Don't let running become the stressor....it's what helps you dump that stress bucket. I used to *dread* tempos/steady state runs, and it showed....sometimes they'd go well but more often than not I'd struggle mightly. I finally flushed my bad attitude and tried my best to go into each feeling like they would be achievable....not easy, but certainly doable. It helped quite a bit, which isn't to say I never tanked another, but usually there was a good reason instead of the "psyched myself out" reason.

So.....learn from my mistakes. I made plenty for everyone!

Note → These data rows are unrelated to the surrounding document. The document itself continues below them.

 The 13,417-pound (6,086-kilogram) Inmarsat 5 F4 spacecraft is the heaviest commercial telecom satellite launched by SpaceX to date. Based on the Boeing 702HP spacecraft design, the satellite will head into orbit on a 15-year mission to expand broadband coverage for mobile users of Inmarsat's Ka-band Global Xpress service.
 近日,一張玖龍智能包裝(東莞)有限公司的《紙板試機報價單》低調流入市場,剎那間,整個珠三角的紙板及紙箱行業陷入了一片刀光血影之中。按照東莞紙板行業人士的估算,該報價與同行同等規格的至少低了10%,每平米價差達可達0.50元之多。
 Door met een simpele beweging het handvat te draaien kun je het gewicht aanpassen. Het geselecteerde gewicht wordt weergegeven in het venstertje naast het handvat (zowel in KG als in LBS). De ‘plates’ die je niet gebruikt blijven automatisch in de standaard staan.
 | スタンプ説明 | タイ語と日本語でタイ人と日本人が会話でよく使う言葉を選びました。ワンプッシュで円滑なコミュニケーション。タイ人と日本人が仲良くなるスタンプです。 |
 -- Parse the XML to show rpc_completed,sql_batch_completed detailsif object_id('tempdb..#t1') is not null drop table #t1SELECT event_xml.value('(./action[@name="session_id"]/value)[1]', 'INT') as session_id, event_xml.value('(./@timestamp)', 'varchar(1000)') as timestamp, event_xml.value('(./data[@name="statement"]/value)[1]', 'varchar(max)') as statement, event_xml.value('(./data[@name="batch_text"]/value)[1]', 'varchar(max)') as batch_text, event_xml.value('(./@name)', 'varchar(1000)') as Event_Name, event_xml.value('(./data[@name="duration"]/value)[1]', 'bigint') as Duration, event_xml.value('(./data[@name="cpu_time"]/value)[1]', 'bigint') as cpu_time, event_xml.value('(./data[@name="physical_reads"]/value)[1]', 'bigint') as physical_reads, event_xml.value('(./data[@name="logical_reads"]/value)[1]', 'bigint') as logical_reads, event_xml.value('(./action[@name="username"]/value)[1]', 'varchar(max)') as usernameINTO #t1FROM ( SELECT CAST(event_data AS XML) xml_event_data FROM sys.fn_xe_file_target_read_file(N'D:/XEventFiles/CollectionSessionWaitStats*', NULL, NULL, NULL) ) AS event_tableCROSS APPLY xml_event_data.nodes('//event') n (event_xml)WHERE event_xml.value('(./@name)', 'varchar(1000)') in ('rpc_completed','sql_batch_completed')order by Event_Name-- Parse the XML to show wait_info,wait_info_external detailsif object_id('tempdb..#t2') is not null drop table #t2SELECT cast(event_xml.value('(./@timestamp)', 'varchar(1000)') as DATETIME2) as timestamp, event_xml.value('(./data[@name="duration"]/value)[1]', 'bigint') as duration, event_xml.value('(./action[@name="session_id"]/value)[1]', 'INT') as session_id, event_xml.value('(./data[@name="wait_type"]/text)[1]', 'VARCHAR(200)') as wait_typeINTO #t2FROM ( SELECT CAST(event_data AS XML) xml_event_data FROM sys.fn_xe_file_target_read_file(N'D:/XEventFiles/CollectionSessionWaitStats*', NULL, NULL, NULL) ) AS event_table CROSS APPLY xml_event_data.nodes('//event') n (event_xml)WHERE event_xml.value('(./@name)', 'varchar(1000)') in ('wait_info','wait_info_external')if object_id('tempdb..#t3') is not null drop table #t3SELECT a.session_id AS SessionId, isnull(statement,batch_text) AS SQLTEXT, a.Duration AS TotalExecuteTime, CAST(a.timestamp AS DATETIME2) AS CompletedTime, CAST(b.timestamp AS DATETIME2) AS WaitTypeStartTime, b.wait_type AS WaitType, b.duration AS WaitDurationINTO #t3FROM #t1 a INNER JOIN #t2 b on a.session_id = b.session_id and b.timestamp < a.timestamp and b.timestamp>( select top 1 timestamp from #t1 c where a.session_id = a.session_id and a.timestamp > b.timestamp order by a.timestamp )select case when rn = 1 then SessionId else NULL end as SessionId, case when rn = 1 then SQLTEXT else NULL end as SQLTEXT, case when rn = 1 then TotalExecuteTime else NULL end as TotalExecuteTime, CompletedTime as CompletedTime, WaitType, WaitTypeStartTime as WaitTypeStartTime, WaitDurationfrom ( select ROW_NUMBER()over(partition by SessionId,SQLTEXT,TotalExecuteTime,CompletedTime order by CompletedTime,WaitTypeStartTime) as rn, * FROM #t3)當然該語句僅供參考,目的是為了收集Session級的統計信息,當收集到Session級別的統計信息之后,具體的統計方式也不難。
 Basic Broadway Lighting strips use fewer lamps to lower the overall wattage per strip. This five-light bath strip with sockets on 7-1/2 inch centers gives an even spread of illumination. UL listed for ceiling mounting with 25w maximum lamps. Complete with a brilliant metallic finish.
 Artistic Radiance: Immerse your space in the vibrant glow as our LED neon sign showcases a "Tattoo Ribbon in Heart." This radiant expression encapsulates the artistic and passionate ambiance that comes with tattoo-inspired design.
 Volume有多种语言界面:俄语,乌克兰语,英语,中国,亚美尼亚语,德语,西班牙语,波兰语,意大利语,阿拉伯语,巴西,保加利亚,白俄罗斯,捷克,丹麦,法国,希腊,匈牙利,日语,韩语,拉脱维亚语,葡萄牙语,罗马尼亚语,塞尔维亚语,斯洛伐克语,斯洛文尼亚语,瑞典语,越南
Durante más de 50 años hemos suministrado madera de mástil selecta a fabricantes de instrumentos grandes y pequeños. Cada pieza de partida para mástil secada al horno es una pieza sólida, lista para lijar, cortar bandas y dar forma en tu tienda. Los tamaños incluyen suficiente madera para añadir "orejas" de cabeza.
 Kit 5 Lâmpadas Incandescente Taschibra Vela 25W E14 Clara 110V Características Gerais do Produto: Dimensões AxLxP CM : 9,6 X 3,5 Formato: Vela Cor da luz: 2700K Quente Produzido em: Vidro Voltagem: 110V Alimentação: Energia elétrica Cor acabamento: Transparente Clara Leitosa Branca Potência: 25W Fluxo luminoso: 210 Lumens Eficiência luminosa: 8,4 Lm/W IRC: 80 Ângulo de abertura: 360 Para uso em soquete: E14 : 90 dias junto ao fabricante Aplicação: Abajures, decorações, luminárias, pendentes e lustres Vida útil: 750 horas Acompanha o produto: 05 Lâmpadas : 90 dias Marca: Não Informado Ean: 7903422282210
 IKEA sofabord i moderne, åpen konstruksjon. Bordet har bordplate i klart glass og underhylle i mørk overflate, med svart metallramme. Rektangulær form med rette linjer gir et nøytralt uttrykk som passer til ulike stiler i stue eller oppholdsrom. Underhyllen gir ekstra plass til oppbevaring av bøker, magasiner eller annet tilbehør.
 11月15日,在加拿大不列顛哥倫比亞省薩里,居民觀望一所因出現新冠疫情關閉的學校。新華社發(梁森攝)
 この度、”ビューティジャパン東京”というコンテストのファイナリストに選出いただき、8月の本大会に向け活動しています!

From Snoqualmie on Thu, Aug 20, 2009 at 23:25:30 from 24.18.192.33

LOL

I think the pressure comes from knowing there is a number (pace) attached to it. I thought the hill repeats were tough, but the requirement was based on effort, so I viewed it as kind of fun. I think once I've done one of these workouts and take away the fear of the unknown I will feel a lot better. I have tempo runs every other week. Tempo and hill reps one week, intervals the next.

Last bit of whining - I promise. I've been on my feet cleaning and weeding and shopping for two days in a row and my dogs are barking! I can't help but wonder if this is like going dancing the night before a marathon. But it's out of my control. At least I DO get to go to bed early and I might get over 8 hours tonight- woohoo!!

Thanks again!

From Bonnie on Thu, Aug 20, 2009 at 23:29:18 from 75.164.103.101

good luck Sno -- remember what you told Auntie ... training is training. No matter what happens (though I am sure you will do great!) it is a baseline yardstick that will you use in the upcoming weeks, months and years to measure your training. My first workouts are always a little rusty ... I will be sending you rays of strength tomorrow (in my sleep).

From april27 on Fri, Aug 21, 2009 at 09:27:12 from 99.188.251.180

I can't wait to hear how this run goes!

I agree the real time Garmin pace is funky sometimes. I have changed my thingy to show how long I have been doing that particular lap/mile and then my average pace and of course the distance. I ahve found that is a better indicator of how I'm doing. Sometimes the real time one would say I'm going 8:00min pace and I"m like what? I'm barely moving so I would slow up a bit and I would all of a sudden be at 11. Frustrating!

Sorry your MIL is coming to town...I hope she doesn't stress you out too much!

From Snoqualmie on Fri, Aug 21, 2009 at 11:49:56 from 24.18.192.33

Bonnie - I told Auntie that because I learned it from you!